When Hattie’s family moved to the George Hicks place, her dad went from farming on fourths to farming on halves.

“When you farmed on fourths, and you made four bales of cotton, you got three and the man that owned the place got one,” she said. “My daddy had his own mules, wagons and plowing equipment. But when he went on halves, he didn’t have to supply those things. He still looked after the mules but he didn’t have the responsibility of the feed and all.”

When the family moved to town to work on the Fox Johnson place in 1948, Hattie began to realize that she had talents other than “digging in the dirt.”

She found inside work to her liking. She worked for the Leon Chamber family cooking and cleaning. The Roy McDowell family hired her to baby sit and cook. She cooked and cleaned for the Belchers and the Leverettes, the Chambers, the Flemings, and the Morrises, where she also learned to do upholstery. She took in sewing for the public and sewed for most folks in town.

“I worked for the Richburgs and, they had a drug store and sold sandwiches,” Hattie said. “I made the sandwiches, and my own mayonnaise, and put them through a window in the back of the drug store and two girls serve them to the people.”

In 1948, Hattie married Major “Will German” Flowers.

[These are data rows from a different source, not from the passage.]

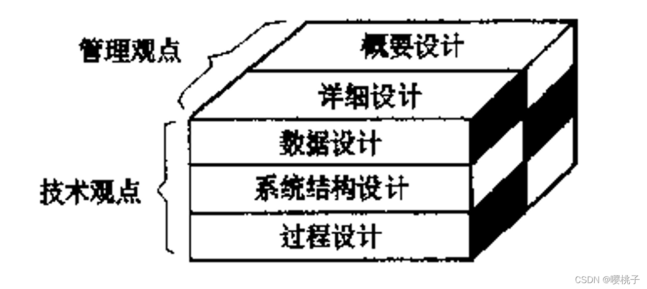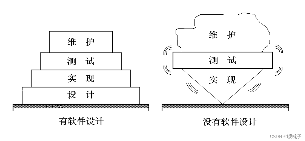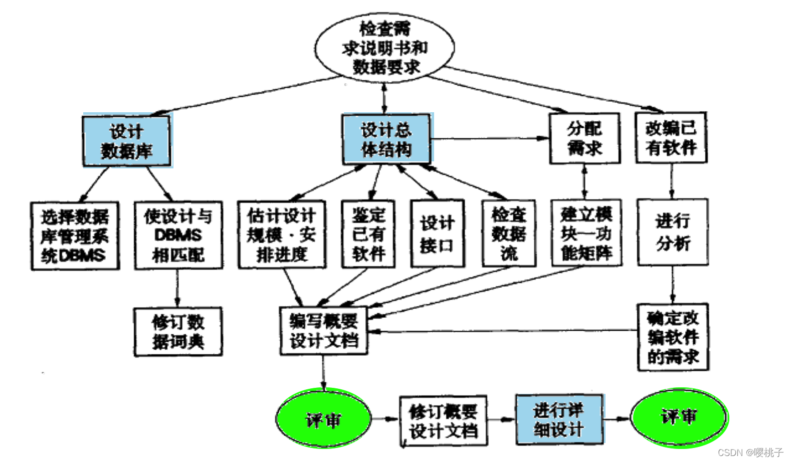 ③ 软件设计:设计是软件工程的技术核心。把已确定了的各项需求转换成一个相应的体系结构。进而对每个模块要完成的工作进行具体的描述。编写设计说明书,提交评审。
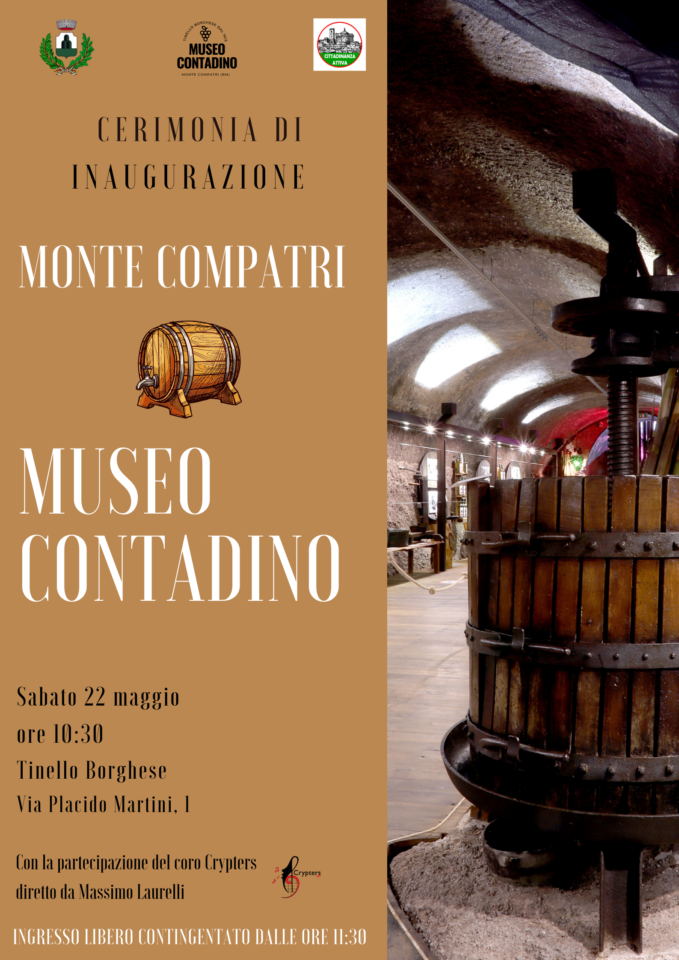 “Siamo orgogliosi di poter finalmente aprire le porte alla cittadinanza perché prima di oggi Monte Compatri non aveva un museo”, dichiara il Sindaco Fabio D’Acuti. “Mai come in questo periodo è importante ricordare le origini della nostra comunità e tramandarle alle nuove generazioni. Il Museo Contadino vede la luce grazie ad un grande lavoro di squadra messo in campo da questa Amministrazione. Desidero quindi ringraziare il delegato alla Cultura Pietro Mazzarini e l’Assessore ai Lavori Pubblici Adriano Di Franco. E Franco D’acuti e Giovanni Olivieri che hanno dimostrato tutto il loro amore verso il nostro paese facendosi carico di reperire gli oggetti esposti attraverso un dialogo costante con la cittadinanza con l’unico fine di far conoscere le nostre tradizioni contadine”.
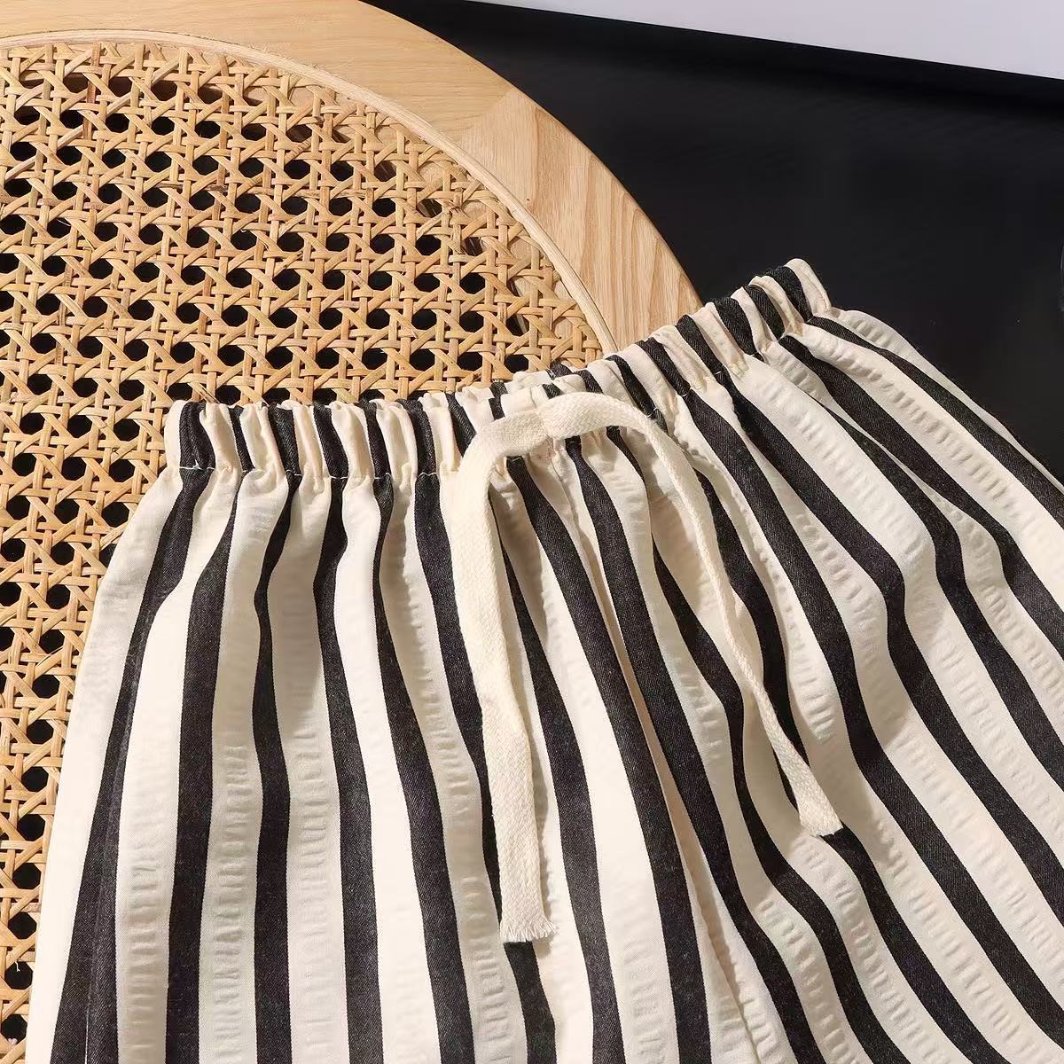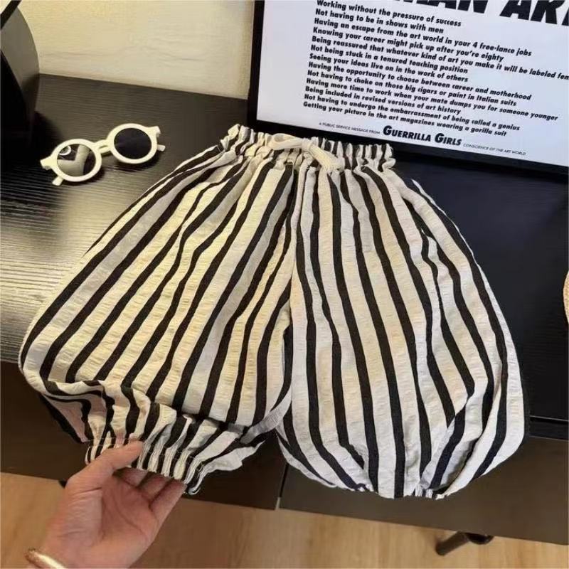 흑백 줄무늬 다용도 소년 소녀 캐주얼 바지 에어컨 바지 중소형 어린이 여름 아동복 줄무늬 바지 트렌디하고 통기성이 좋습니다.
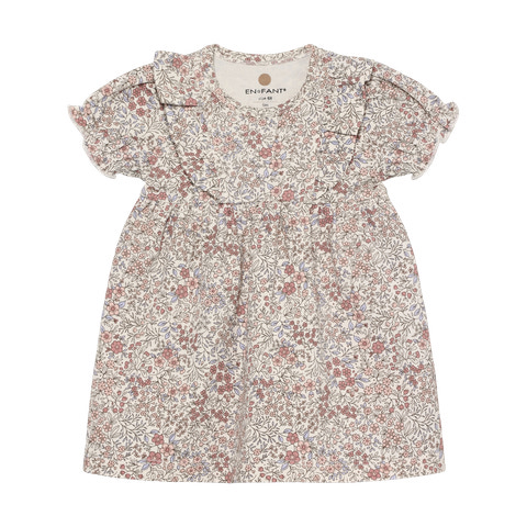 kundeservice@babysam.dkKjole m. Print fra En Fant er en yndig og komfortabel kjole, der passer perfekt til både hverdag og festlige lejligheder. Kjolen er designet med et smukt blomsterprint i afdæmpede farver, som giver et romantisk og klassisk udtryk. Den lette og bløde kvalitet sikrer, at barnet kan bevæge sig frit og komfortabelt hele dagen. Kjolen har fine flæsedetaljer ved skuldrene og korte ærmer, der tilføjer et ekstra feminint touch. Den runde halsudskæring og den lette rynkning ved taljen giver kjolen en flot og flatterende pasform, som klæder de fleste børn. Kjolen er nem at tage af og på, hvilket gør den praktisk i en travl hverdag. Den kan styles med strømpebukser og en cardigan på kølige dage eller bruges alene på varme sommerdage. Kjolen er et oplagt valg til både leg og fest, og det tidløse design gør den nem at kombinere med andre favoritter i garderoben.

She had met him five years earlier when was working down in Florida, for a short time, as a waitress.

“It wasn’t love at first sight,” she said. “I don’t believe in that. How can you fall in love with somebody you don’t know? They might have been our robbing or worse. You just don’t know.”

In the late1950s, Hattie worked for Dr. Hawkins, a general practitioner and got a feel for the medical profession. She worked for a time as a housekeeper at the hospital in Troy and then took a correspondence course to become a nurses’ aide and passed the test.

“I worked as a nurses’ aide at the Troy hospital from 1969 until 1984 and, when I retired I did sleeves at the Braswell dry cleaners. They had this little ironing board just for ironing sleeves and that’s what I did.”

Since 1962, Hattie has worked for Jeanette Caldwell. She does some cooking every now and then but mostly, she’s just a friend as she has been to so many people over so many years.

“Me and Mrs. Caldwell get along just fine,” she said.

“We love each other. And that’s what life is all about. Caring for people. I love my church, County Line Baptist, and I believe in missions – in doing for others. I’ll be going to the state convention next week and I’m looking forward to that.

“And, when I’ve got the time, I go fishing. I’ve loved to fish all my life and I’m as happy as I can be when I’ve got a fishing pole in my hand and my grandson at my side. Fishing is good family fun. It reminds me of my growing up. “My mama and daddy were good Christian people. They taught me right and I hope that others see good things in me. If you stay prayed up, God will give you strength to handle whatever you have to face. If you want to see Jesus in peace, you’d better love everybody.”